• **Data shown**:
--

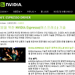 600시리즈 이상에서 적용할 수 있는 PC방용 그래픽카드 드라이버로, 60프레임을 달성하면 그 이상을 출력하지 않도록 하는 것.그만큼 전기를 절약할 수 있다고. 그 기능을 중심으로, 인터넷카페, PC방용으로 최적화한 드라이버라고 소개해놨다. http://www.nvidia.co.kr/object/icafe-espresso-kr.html
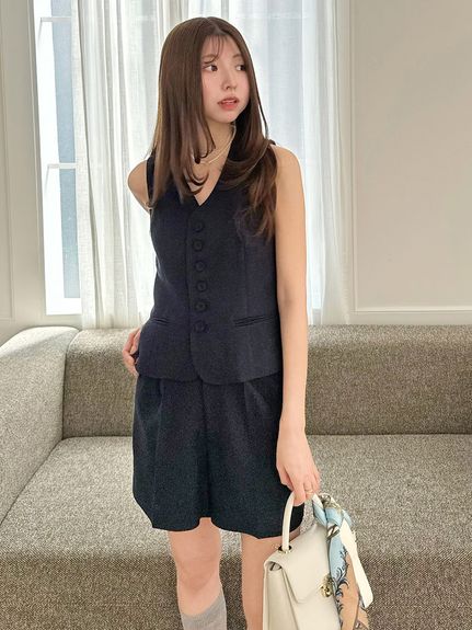 マニッシュなジレとセットで¥24,970のお得なセット。単品でもジレは使い勝手良し。ジレショートパンツセット/SNIDEL
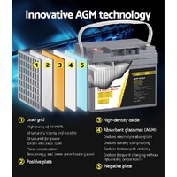 Need portable power? Our Giantz Deep Cycle Battery provides off-the-grid power supply for 4WD vehicles, caravans, campers, trailers, motorhomes, saltwater/marine applications, and all 12V appliances including portable fridges and washers. With better low-temperature performance, the battery will perform perfectly in various environments. The battery features an industry-leading build life of up to 1400 cycles, making it one of the most enduring in its class. What you get is a longer, consistent and more drawn-out charge all the time. With its advanced AGM technology, the battery enables better electrolyte absorption, cyclic stability and frequent charging without affecting performance. The bolt-down terminals also allow for a more reliable experience, and the high oxygen-recombination efficiency results in superior deep discharge recovery. The maintenance-free deep cycle battery is completely sealed, spill-proof and does not leak gas for added safety and durable use. With a convenient carry handle, portability is ensured. When you need power on the road, you need a Giantz Deep Cycle Battery.

--

• **What needs to be done**: Copy all the lines of data exactly as they appear, dropping any images.

• **Output for this exercise**:
 600시리즈 이상에서 적용할 수 있는 PC방용 그래픽카드 드라이버로, 60프레임을 달성하면 그 이상을 출력하지 않도록 하는 것.그만큼 전기를 절약할 수 있다고. 그 기능을 중심으로, 인터넷카페, PC방용으로 최적화한 드라이버라고 소개해놨다. http://www.nvidia.co.kr/object/icafe-espresso-kr.html
 マニッシュなジレとセットで¥24,970のお得なセット。単品でもジレは使い勝手良し。ジレショートパンツセット/SNIDEL
 Need portable power? Our Giantz Deep Cycle Battery provides off-the-grid power supply for 4WD vehicles, caravans, campers, trailers, motorhomes, saltwater/marine applications, and all 12V appliances including portable fridges and washers. With better low-temperature performance, the battery will perform perfectly in various environments. The battery features an industry-leading build life of up to 1400 cycles, making it one of the most enduring in its class. What you get is a longer, consistent and more drawn-out charge all the time. With its advanced AGM technology, the battery enables better electrolyte absorption, cyclic stability and frequent charging without affecting performance. The bolt-down terminals also allow for a more reliable experience, and the high oxygen-recombination efficiency results in superior deep discharge recovery. The maintenance-free deep cycle battery is completely sealed, spill-proof and does not leak gas for added safety and durable use. With a convenient carry handle, portability is ensured. When you need power on the road, you need a Giantz Deep Cycle Battery.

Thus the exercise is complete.